Lights up. Smoke machine. Kick drum and synth. Worship.
I am spending my weekend managing the visual production in a youth venue at a Christian festival. I get to play with some super cool tech (see previous post), helping various seminar speakers to get their tech working (which involves a lot of setting up of Powerpoint).
In the midst of all this busyness–and because I have 10 minutes spare–I feel it would be remiss not to ask a question.
What is the point of the show?
150 young people jumping, shouting, dancing together. Loud music, songs of hope. A party.
And how can I participate in this show with anything like a clear conscience?
Extravagant festivals are nothing new to the people of God, being occasions when everyone comes together in gladness and joy to celebrate God’s goodness. So I’m not going to be puritanical in my condemnation of this kind of enjoyment.

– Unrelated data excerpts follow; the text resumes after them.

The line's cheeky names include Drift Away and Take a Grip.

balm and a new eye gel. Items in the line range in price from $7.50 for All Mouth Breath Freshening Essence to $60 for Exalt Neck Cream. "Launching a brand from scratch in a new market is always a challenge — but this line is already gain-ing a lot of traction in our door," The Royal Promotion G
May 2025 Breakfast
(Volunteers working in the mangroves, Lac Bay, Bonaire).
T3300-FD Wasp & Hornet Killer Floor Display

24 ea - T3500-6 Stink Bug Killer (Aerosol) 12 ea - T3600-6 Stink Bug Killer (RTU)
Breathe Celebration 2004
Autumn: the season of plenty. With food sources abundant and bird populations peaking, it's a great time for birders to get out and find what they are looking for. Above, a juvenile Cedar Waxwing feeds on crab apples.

There are those who might say that worship should be simple, emphasising the fact we don’t need ritual or show to reach God. Yet I fear such an idea rather misses the point: This ritual, the dancing and shouting and music is as old as the human race. To reject it for being deceitful or obscuring the Gospel then begs the question– What Gospel?

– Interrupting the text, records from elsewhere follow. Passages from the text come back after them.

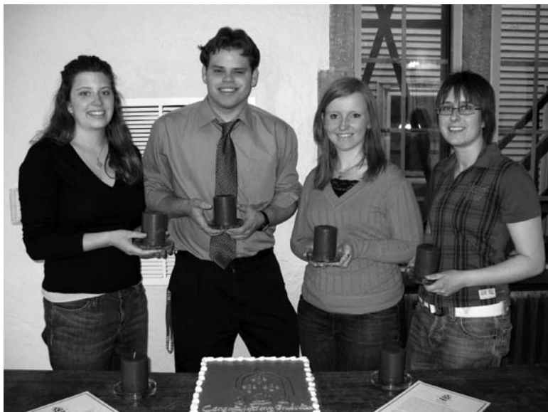
Four graduating seniors hold candles from a special ceremony reminding them of their role as light and salt to the world.

PRES HOUSE SEEKS TO BE A SPIRITUAL HOME AT THE HEART OF THE UNIVERSITY OF WISCONSIN-MADISON CAMPUS. IN KEEPING WITH THE TEACHINGS OF JESUS CHRIST AND THE CHRISTIAN TRADITION OF HOSPITALITY, PRES HOUSE IS DEDICATED TO PROVIDING A RELIGIOUS CENTER AND HIGH QUALITY STUDENT HOUSING TO PROMOTE THE SPIRITUAL, EMOTIONAL, AND INTELLECTUAL GROWTH OF RESIDENTS AND MEMBERS OF THE CAMPUS COMMUNITY. PRES HOUSE IS A MINISTRY OF THE PRESBYTERIAN CHURCH, U.S.A., AND WELCOMES INDIVIDUALS OF EVERY PERSPECTIVE AND BACKGROUND.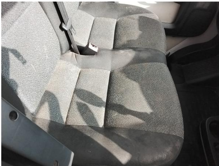
11: Seat Base Cover nsf Soiled Heavy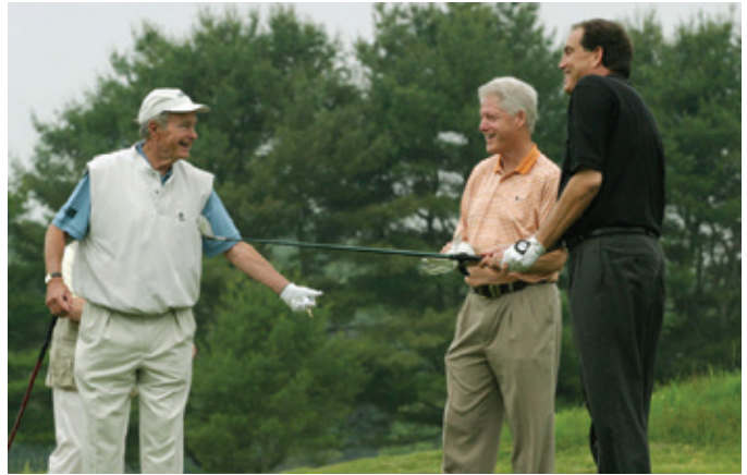
Nantz enjoying a round of golf and camaraderie with President George H.W. Bush and President Bill Clinton in Kennebunkport, Maine.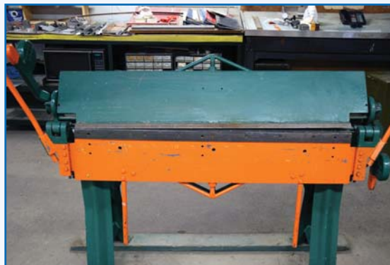
BROWN BOGGS 4' X 16 GAUGE MANUAL BRAKE

Sure such a show would deny a Gospel which demands young people sit neatly, behave themselves and deprive themselves of the earth’s good fruits (fruits which God commanded should come forth from the earth!).
I think the true Gospel is for whole human beings. Whole human being who use their bodies to jump around and their mouths to sing and their arms to embrace. It is not for minds sitting on hard pews.
And so I want to serve and be part of these young people’s lives as they come together to participate in rhythms older than time, to feel the warm love of friends and to give glory and honour to the One from whom all these good things come.